This is the mail archive of the
gcc-patches@gcc.gnu.org
mailing list for the GCC project.
Re: [PATCH] Optimize manual byte swap implementations v3
- From: Andreas Krebbel <krebbel at linux dot vnet dot ibm dot com>
- To: Richard Guenther <richard dot guenther at gmail dot com>
- Cc: Mark Mitchell <mark at codesourcery dot com>, Andrew Haley <aph at redhat dot com>, gcc-patches at gcc dot gnu dot org, rdsandiford at googlemail dot com
- Date: Mon, 27 Apr 2009 10:03:28 +0200
- Subject: Re: [PATCH] Optimize manual byte swap implementations v3
- References: <20090209145520.GA32536@bart> <49931E43.1050307@codesourcery.com> <499414EA.9010204@linux.vnet.ibm.com> <49945590.50606@codesourcery.com> <873aehgxn1.fsf@firetop.home> <49971B86.4000702@codesourcery.com> <499727DB.6020704@redhat.com> <49986FE4.8020604@codesourcery.com> <84fc9c000904241354n50c1b65s6369e4272a76bb98@mail.gmail.com>
Hi Richard,
as proposed by Mark I did some experiments with the ARM target. I think
the byte swap optimizer is especially benefical for targets where a
"bswap" instruction has been added with some later CPU level. For these
targets it is especially ugly to enhance code with inline assemblies
since it would require CPU level checks.
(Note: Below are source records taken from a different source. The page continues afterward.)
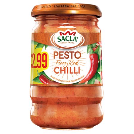 6 x 190g jarsFiery Chilli Pesto simply combines garlic, oil and hot chillies. Sacla have also added red peppers and juicy ripe tomatoes.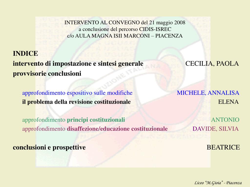 INTERVENTO AL CONVEGNO del 21 maggio 2008a conclusione del percorso CIDIS-ISRECc/o AULA MAGNA ISII MARCONI – PIACENZA INDICE intervento di impostazione e sintesi generale CECILIA, PAOLA provvisorie conclusioni approfondimento espositivo sulle modifiche MICHELE, ANNALISA il problema della revisione costituzionale ELENA approfondimento principi costituzionali ANTONIO approfondimento disaffezione/educazione costituzionaleDAVIDE, SILVIA conclusioni e prospettive BEATRICE Liceo “M.Gioia” - Piacenza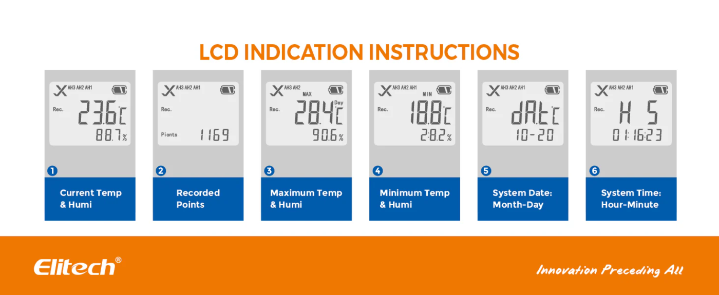 Elitech LCD Indoor/Outdoor Digital Hygrometer Thermometer With Clock And Min/Max Value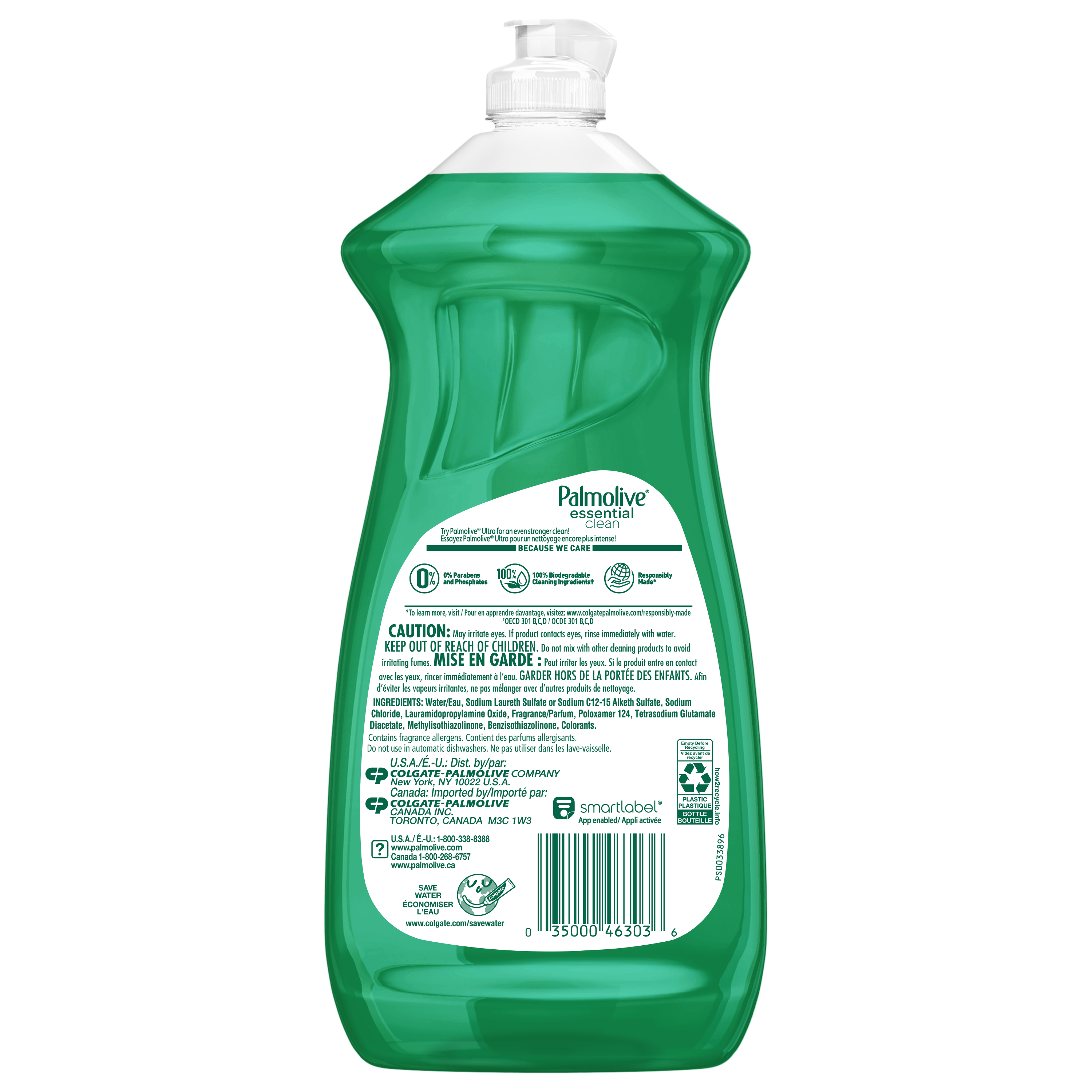 Made in 100% post-consumer recycled plastic bottles (for 46 oz and under) Made in a TRUE Zero Waste Certified Manufacturing Facility* Formulated with 100% biodegradable cleaning ingredients [OECD 301 B,C,D / OCDE 301 B,C,D] and 0% parabens and phosphatesNo matter which of our Palmolive Ultra or Essential Clean Dish Soaps you choose, you can rest assured you’re taking a small step towards making a big difference.

For ARM the instruction has
been added with ARMv6. Currently neither the Linux kernel nor newlib use
the "rev" instruction to implement byte swaps.
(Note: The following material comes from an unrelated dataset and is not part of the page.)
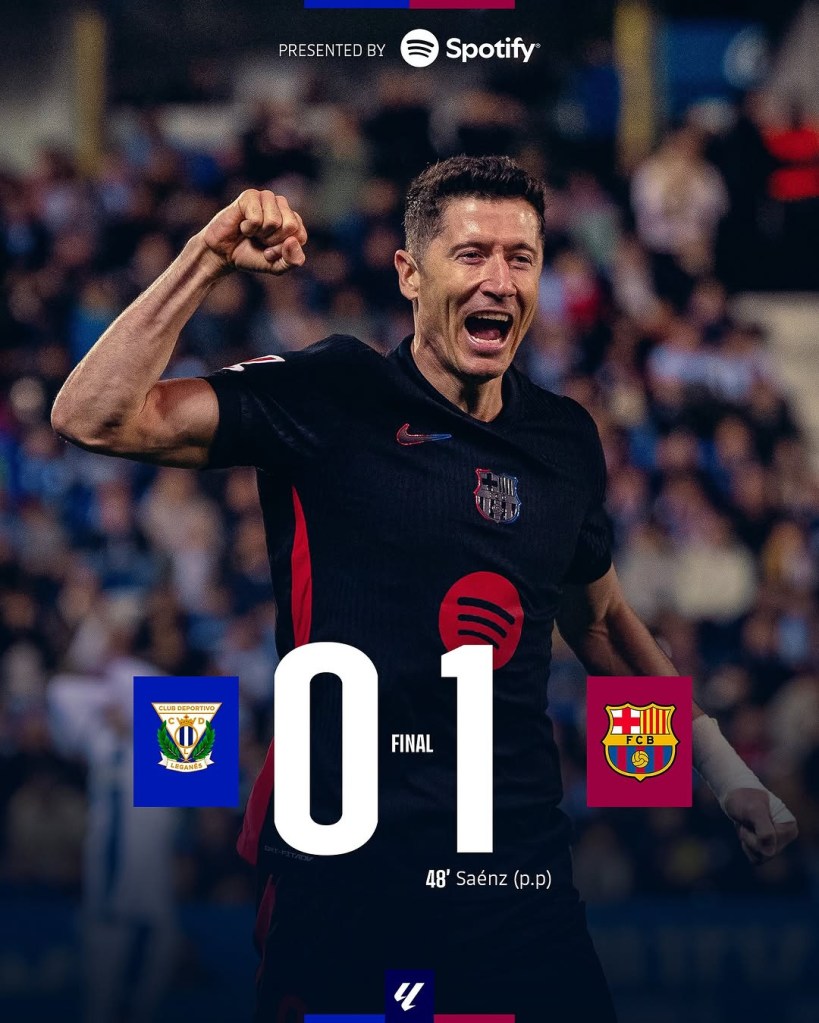 El Leganés volvió a complicar al Barcelona y estuvo cerca de arruinarle su paso invicto en 2025, peor esta vez la suerte sonrió al equipo catalán que se impuso 0-1 gracias a un autogol para mantener su ventaja como líder de LaLiga, con lo que da otro paso firme para ganar el título.

In order to enable the ARM byte swap instruction at all I did a small
patch adding the "rev" instruction to the arm back-end and a kernel
patch removing the bswap special handling in the linux kernel.
With the byte swap optimizer pass enabled the vmlinux.o object file
contained 178 "rev" instructions shrinking the .text section by several
kB (I don't have the exact number on this machine). To me a bit
surprising was the shrinkage of the debug information. The .debug*
sections together became about 40kB smaller.
What is lacking is to have a look at the performance overhead. I would
consider the kernel as some kind of worst case scenario and I will try
to do some benchmarking on my x86_64 machine with it.
Bye,
-Andreas-